Natasha Hamilton singles chronology
| "Fantasy" (2026) | "White Feather" (2026) | "Garden of Eden" (2026) |

= White Feather (Natasha Hamilton song) =

2026 song by Natasha Hamilton

"White Feather" is a song by English singer and former Atomic Kitten member Natasha Hamilton. It was released on 22 May 2026 as the third single from her debut extended play, Extraction (2026). Written by Hamilton and Andy Gannon and produced by the latter, it was released via her record label, Morpho Records. Lyrically, the song is a tribute to Hamilton's grandmother and was described as "delicate yet powerful" by CelebMix. A music video was released alongside the single, featuring Hamilton and members of her family.
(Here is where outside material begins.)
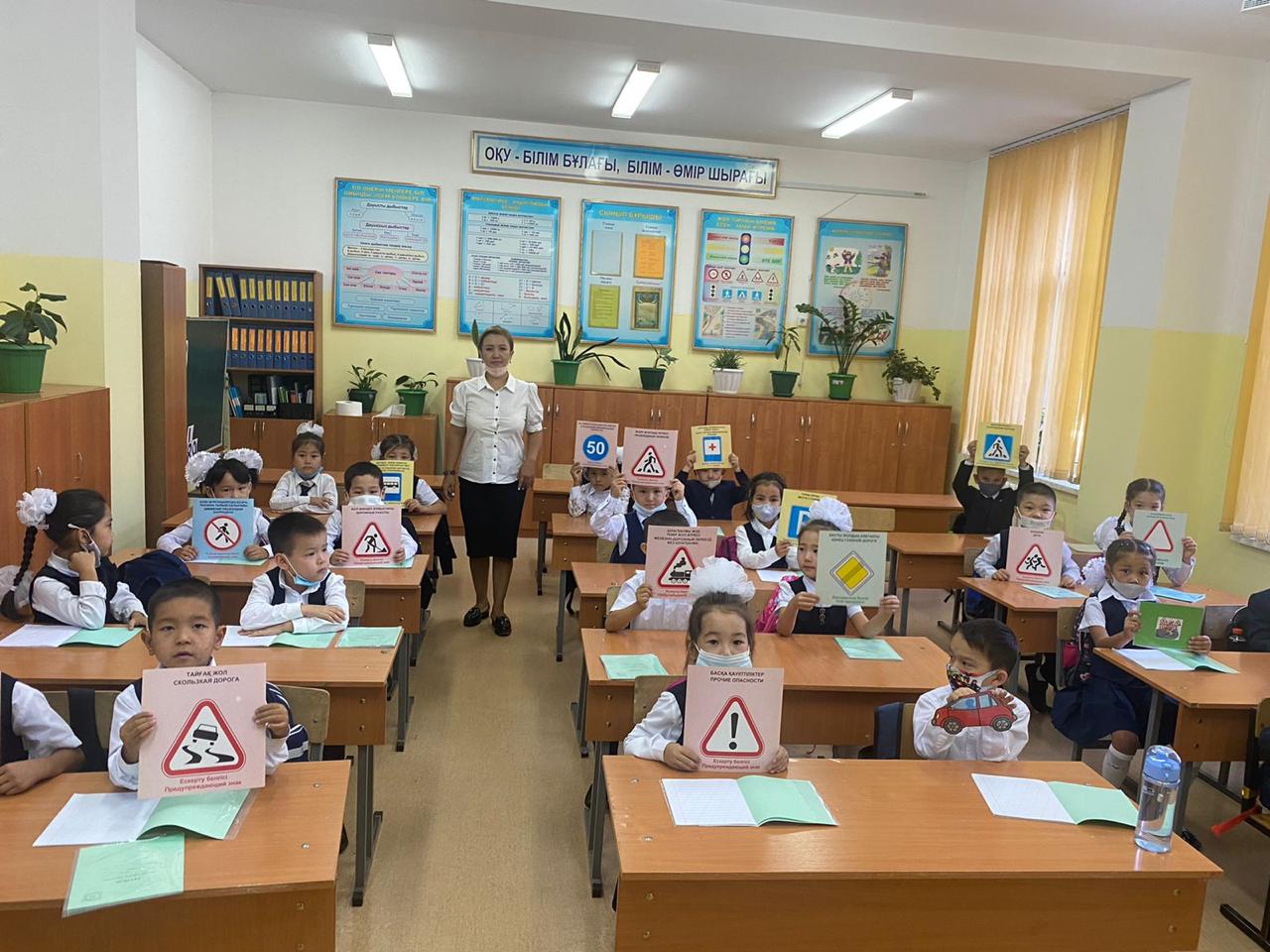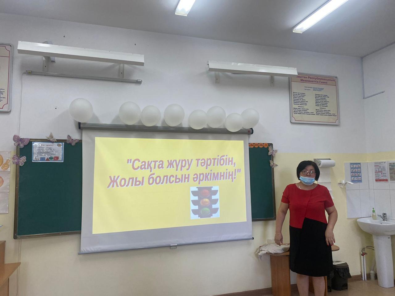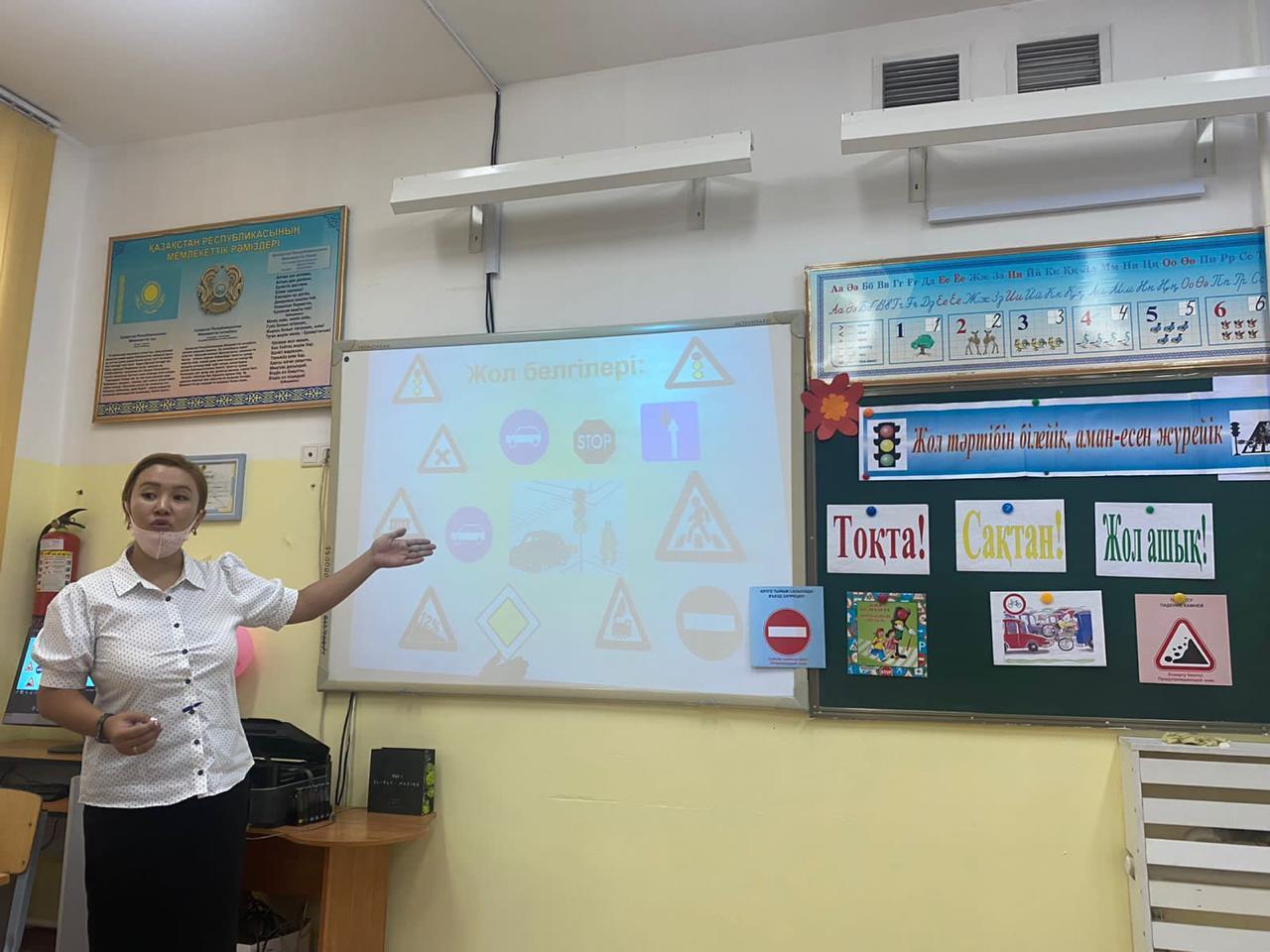 Бүгін мектебімізде 1-2 сыныптар арасында “Абайлаңыз, балақай!” атты тақырыпта жолда жүру ережелерін түсіндіруге арналған сынып сағаты өтті. Балаларға жолда жүру ережелері, бағдаршамның бағдарлары, сонымен қатар, шарттық белгілер түсіндірілді. Сабақ барысында балаларға әртүрлі ситуациялық сұрақтар қойылып, қызықты жауаптар алдық.

==Background and release==
In January 2026, Hamilton began teasing new music and subsequently released the single "Numb". In March 2026, Hamilton announced her debut extended play (EP), Extraction, set for release on 3 July 2026, as well as releasing "Fantasy" as her next single the same day. The track list was subsequently confirmed and Hamilton revealed "White Feather" as her next single on 7 May. The song was written by Hamilton, along with Andy Gannon, the latter of whom also produced the track, and was released on 22 May 2026. Lyrically, the song is a tribute to Hamilton's grandmother, with Hamilton describing it as "a tribute to my Nan, who has been my guardian angel throughout my life. When I've been lost or uncertain, she's sent a sign and guided me." The cover art for the single, which depicts a white feather, was created by Liverpool-based artist John Charles. Speaking of the single's cover, Hamilton said she "knew the single cover for "White Feather" had to be different too, so I worked with the "incredibly talented" Charles. It was important for me to work with someone from Liverpool, and you just have to look at Charles' work to see why I chose him."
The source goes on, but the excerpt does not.